Aim of the exercise
The expected output is the full data, repeated exactly, without pictures.

Data below
::::
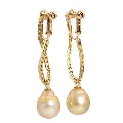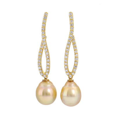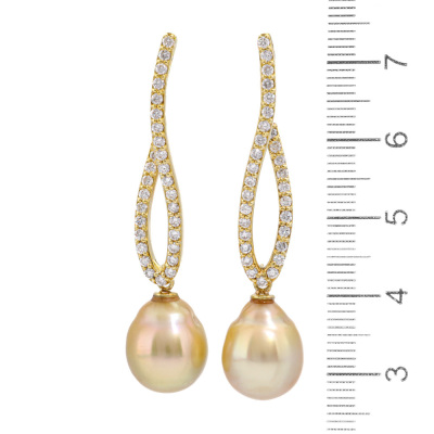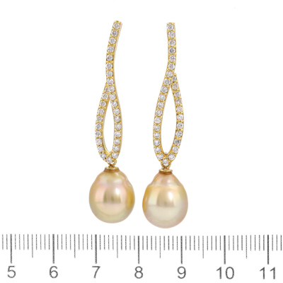 11.1mm Golden South Sea Pearl & Diamond Earrings
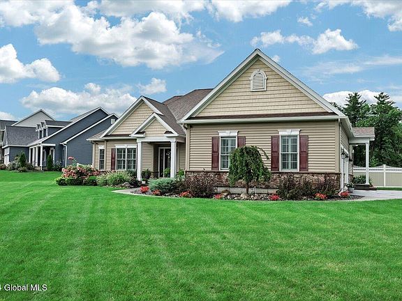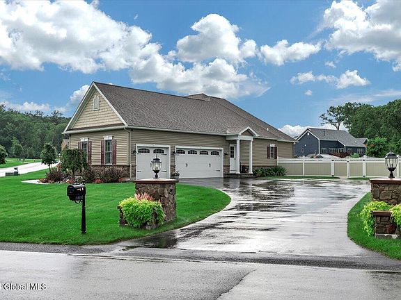 Welcome to 2 Gabby Court! This 8 year young large corner lot ranch has been meticulously maintained and designed with upgrades galore! Custom built with Charlew Builders. Two large primary suites with walk-in closets. Gourmet kitchen with granite counter tops, built-in features, industrial stove and hood and tons of storage. Hardwood floors throughout. Plantation shutters on all windows. 3 car finished garage with heat. Hardwired exterior lighting. Gorgeous landscaping wrapping the exterior. Back covered porch area looking out to a natural gas firepit and custom fountain. Shed finished to match the home. Scallop vinyl fence along the perimeter and stamped concrete walkway. Full basement has 8ft ceilings and is ready to be finished if desired. This home is truly a must-see!
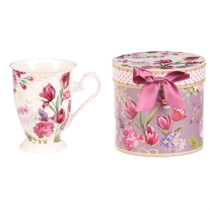 Dotaz na produktPorcelánový hrnek s jemným květinovým motivem v odstínech fialové a růžové je doplněn o praktickou dárkovou dózu se stejným vzorem a saténovou stuhou. Hrnek má elegantní tvar s ozdobným uchem a mírně rozšířeným okrajem, což usnadňuje pití. Porcelánové provedení zajišťuje snadnou údržbu a dlouhou životnost, vhodný je pro každodenní použití i jako stylový dárek. Dárková dóza chrání hrnek při skladování nebo přepravě a zároveň podtrhuje estetickou hodnotu celého setu.
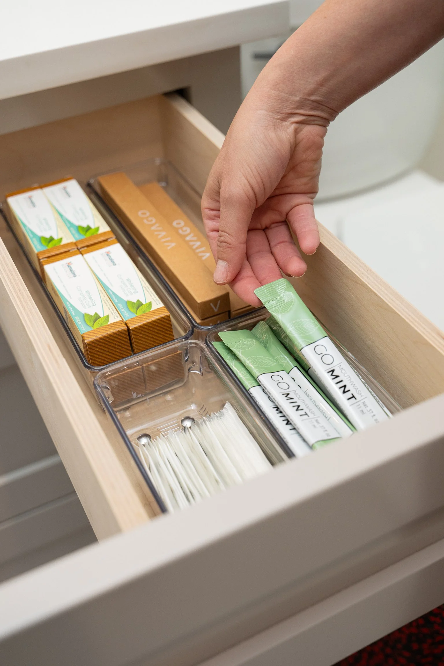 On her side, makeup isn’t part of the daily routine, so we created a system under the sink to store her collection. Easily accessible for special occasions, but tucked away to keep the vanity area clear for everyday use.
::::
Response box
 11.1mm Golden South Sea Pearl & Diamond Earrings
 Welcome to 2 Gabby Court! This 8 year young large corner lot ranch has been meticulously maintained and designed with upgrades galore! Custom built with Charlew Builders. Two large primary suites with walk-in closets. Gourmet kitchen with granite counter tops, built-in features, industrial stove and hood and tons of storage. Hardwood floors throughout. Plantation shutters on all windows. 3 car finished garage with heat. Hardwired exterior lighting. Gorgeous landscaping wrapping the exterior. Back covered porch area looking out to a natural gas firepit and custom fountain. Shed finished to match the home. Scallop vinyl fence along the perimeter and stamped concrete walkway. Full basement has 8ft ceilings and is ready to be finished if desired. This home is truly a must-see!
 Dotaz na produktPorcelánový hrnek s jemným květinovým motivem v odstínech fialové a růžové je doplněn o praktickou dárkovou dózu se stejným vzorem a saténovou stuhou. Hrnek má elegantní tvar s ozdobným uchem a mírně rozšířeným okrajem, což usnadňuje pití. Porcelánové provedení zajišťuje snadnou údržbu a dlouhou životnost, vhodný je pro každodenní použití i jako stylový dárek. Dárková dóza chrání hrnek při skladování nebo přepravě a zároveň podtrhuje estetickou hodnotu celého setu.
 On her side, makeup isn’t part of the daily routine, so we created a system under the sink to store her collection. Easily accessible for special occasions, but tucked away to keep the vanity area clear for everyday use.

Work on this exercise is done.